Эта глупая ссора с Лили. По сути, она обвиняла его в том, что он заморочил голову Вайолет и тем самым соблазнил ее христианскими идеями в раннем детстве. Что было, в общем, правдой, как ни крути. Я пытался обратить ее назад, когда ей было девять лет, объяснял он. Я говорил: Бог — это просто нечто вроде Беллгроу; твой вымышленный друг. А ее все равно было не переубедить. Лили сказала: казалось бы, религия должна была повлиять на ее поведение в хорошем смысле. А получился противоположный эффект. Она уверена, будто ей все простится за то, что она верит в болвана на небесах. А виноват во всем ты.
Лили, разумеется, была атеисткой — атеисткой без капли сомнения. Кит считал, что такая позиция не вполне рациональна; однако, если подумать, рационализм Лили рациональным никогда не был. Она, естественно, ненавидела астрологию, но астрономию она тоже ненавидела — ненавидела тот факт, что свет изгибается, и то, что гравитация замедляет время. Особенно раздражало ее поведение субатомных частиц. Она хотела, чтобы вселенная вела себя разумно. Даже сны Лили были обыденными. В своих снах (это рассказывалось с немалой долей смущения) она ходила в магазин, мыла голову, перекусывала в обед, стоя у холодильника. Не скрывая своего подозрительного отношения к поэзии, она не выносила никаких художественных произведений, если они отклонялись от строжайшего социального реализма. Единственным романом, который она хвалила безоговорочно, был «Миддлмарч»[12]. Ибо Лили была существом из среднего мира.

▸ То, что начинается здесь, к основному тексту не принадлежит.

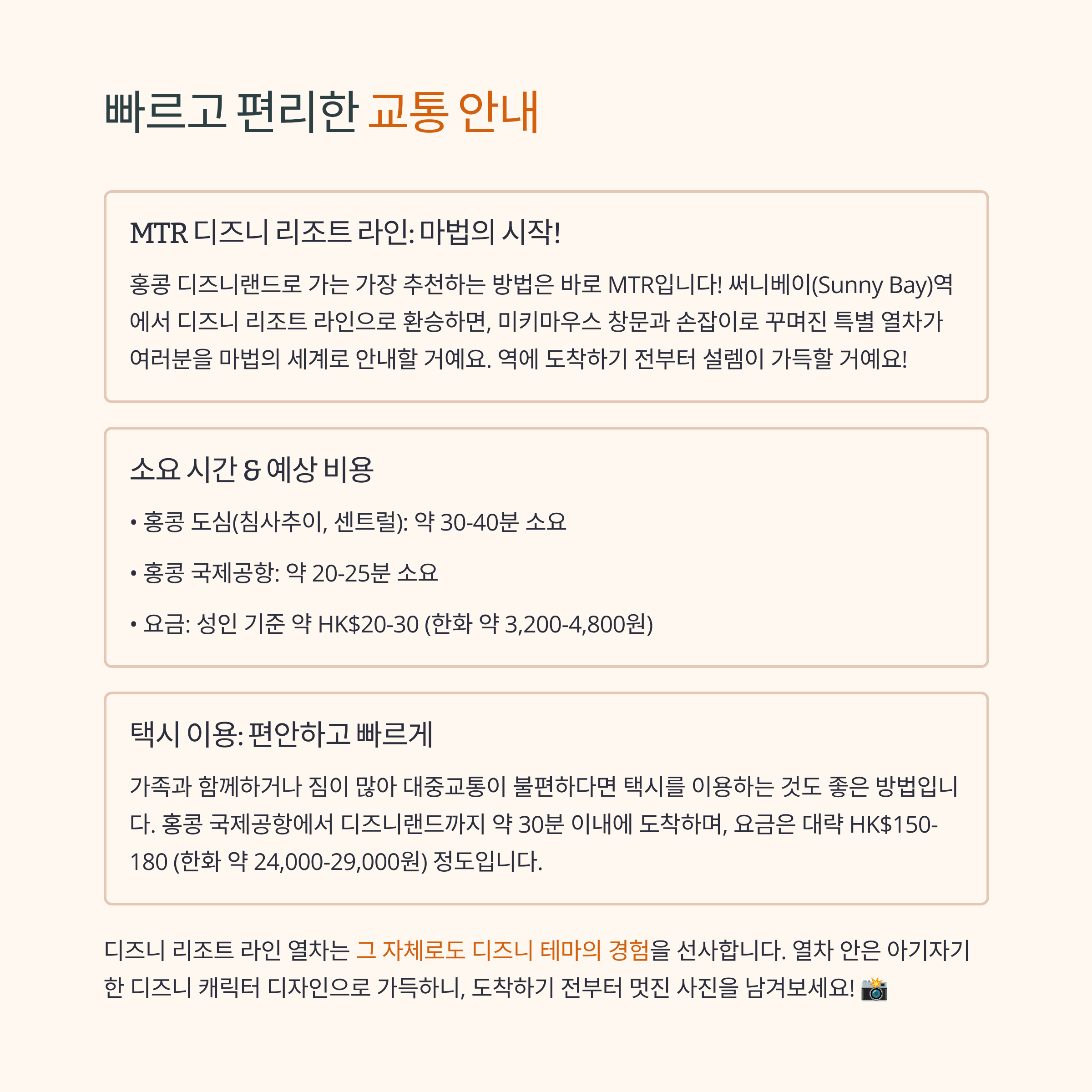 홍콩 시내나 공항에서 디즈니랜드까지는 지하철(MTR)이 가장 편리하고 빠릅니다. MTR은 홍콩의 효율적인 대중교통 시스템을 경험할 수 있는 좋은 방법이기도 합니다.

Поехали со мной в замок, в Италии, с Шехерезадой. Надо сказать, та часть предложения Лили, что была связана с Шехерезадой, никуда, по мнению Кита, не вписывалась. Шехерезада, когда он в последний раз видел ее, на Рождество, была, как всегда, нахмуренной филантропшей в очках и туфлях без каблуков. Она работала на благо общества, участвовала в Кампании за ядерное разоружение и в Добровольческой службе за границей, развозила на грузовичке еду для стариков и инвалидов; еще у нее был долговязый, расхлябанный друг Тимми, которому нравилось убивать животных, играть на виолончели и ходить в церковь. Но потом Шехерезада пробудилась от беспокойных сновидений.

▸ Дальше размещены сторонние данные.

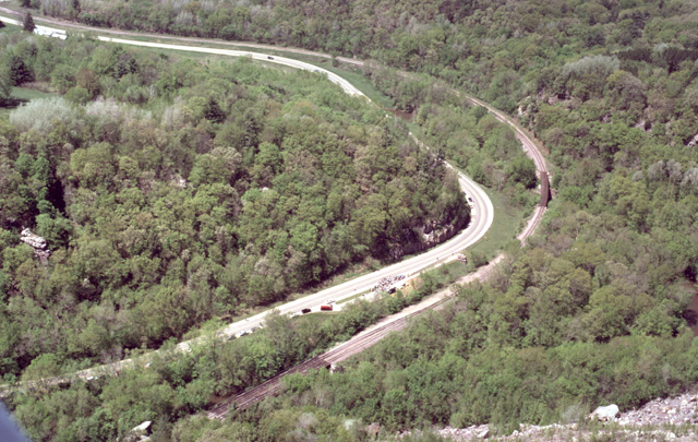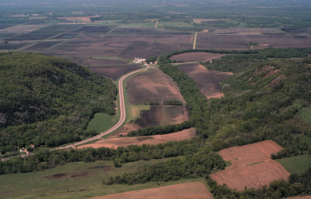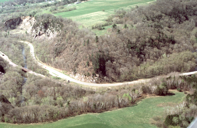 371-21: Ableman Gorge north of Rock Springs, WI. View to the south. The Pink Lady Quarry is at the left. Van Hise Rock is near the bend of the highway in the foreground. The site is on the north limb of the Baraboo Syncline. The Precambrian Baraboo quartzite strikes east/west and is vertical. The upland is composed of horizontal Cambrian sandstone. (6Apr90)
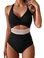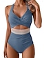 Maiô Biquíni Feminino 2 Peças Colorblock Calções Controle de Barriga Cintura Alta Slim Costas Nua Roupas de Praia para Férias Folhas Decote U Sem Mangas

Кит предполагал, что социальный реализм победит — здесь, в Италии. И все-таки сама Италия была отчасти сказочной, и цитадель, которую они занимали, была отчасти сказочной, и преображение Шехерезады было отчасти сказочным. Куда подевался социальный реализм? Сами по себе представители высших классов, думалось ему, социальными реалистами не были. Их modus operandi, их образ действия, подчинялся законам менее строгим. Ему — в этом читалось дурное предзнаменование — досталась роль К. в замке. И тем не менее он предполагал, что социальный реализм победит.
— Она все так и возится со старикашками?
— Да, возится. Ей без этого скучно.
— И вообще, где ее мужик? «Тимми» где? Когда приедет?
— Вот и ей хотелось бы знать когда. Она на него очень сердита. Ему пора уже тут быть. Он в Иерусалиме, неизвестно чем занимается.
— Вот мама ее — это да, мне нравится. Уна. Симпатичная, маленькая. — Он подумал о Пэнси. А мысли о Пэнси обязательно влекли за собой мысли о ее наставнице, Рите. Поэтому он сказал: — Это самое, Лили. Помнишь, я говорил, Кенрик, может, появится в этих краях. Он собирается взять палатку и махнуть в Сардинию, с Собакой.
— Как эту Собаку звать на самом деле? Рита?.. Опиши ее.
— Короче. Она с севера. Из богатой рабочей семьи. Очень большие глаза. Очень широкий рот. Рыжая. И никаких форм — вообще. Как карандаш. Сможем мы их приютить на ночь, Кенрика с Ритой?
— Спрошу Шехерезаду. Не может быть, чтобы не нашлось места, — она зевнула, — для рыженькой красотки с севера — ни сисек, ничего. Жду с нетерпением.
— Ты будешь от нее в восторге. Она настоящий спец по этой части — вести себя как парень.
Лили перевернулась на бок, сделавшись меньше, полнее, более законченной и сжатой. Когда она так делала, он всегда проникался к ней сочувствием и следовал за эстафетой ее судорог и подергиваний, этих мельчайших сюрпризов на пути к забвению. Как ей удается его найти, не прибегая к иррациональному? Порой Лили любила слушать его голос, когда, подрагивая, удалялась в священный сон (обычно он кратко пересказывал романы, которые читал), так что он придвинулся поближе со словами:
— Романов хватит надолго — потом. Слушай. Самая первая девушка, которую я поцеловал, была выше меня. Наверное, всего на несколько дюймов, но казалось, будто на ярд. Морин. Мы были на побережье. До того я уже целовал ее на автобусной остановке, сидя, и теперь понятия не имел, как же нам целоваться перед сном. А на земле возле ее дома-фургончика была водосточная труба, и я на нее встал. Хорошо целовались. Никаких языков, ничего такого. Для языков мы были слишком юны. Важно не делать вещей, для которых ты слишком юн. Правда?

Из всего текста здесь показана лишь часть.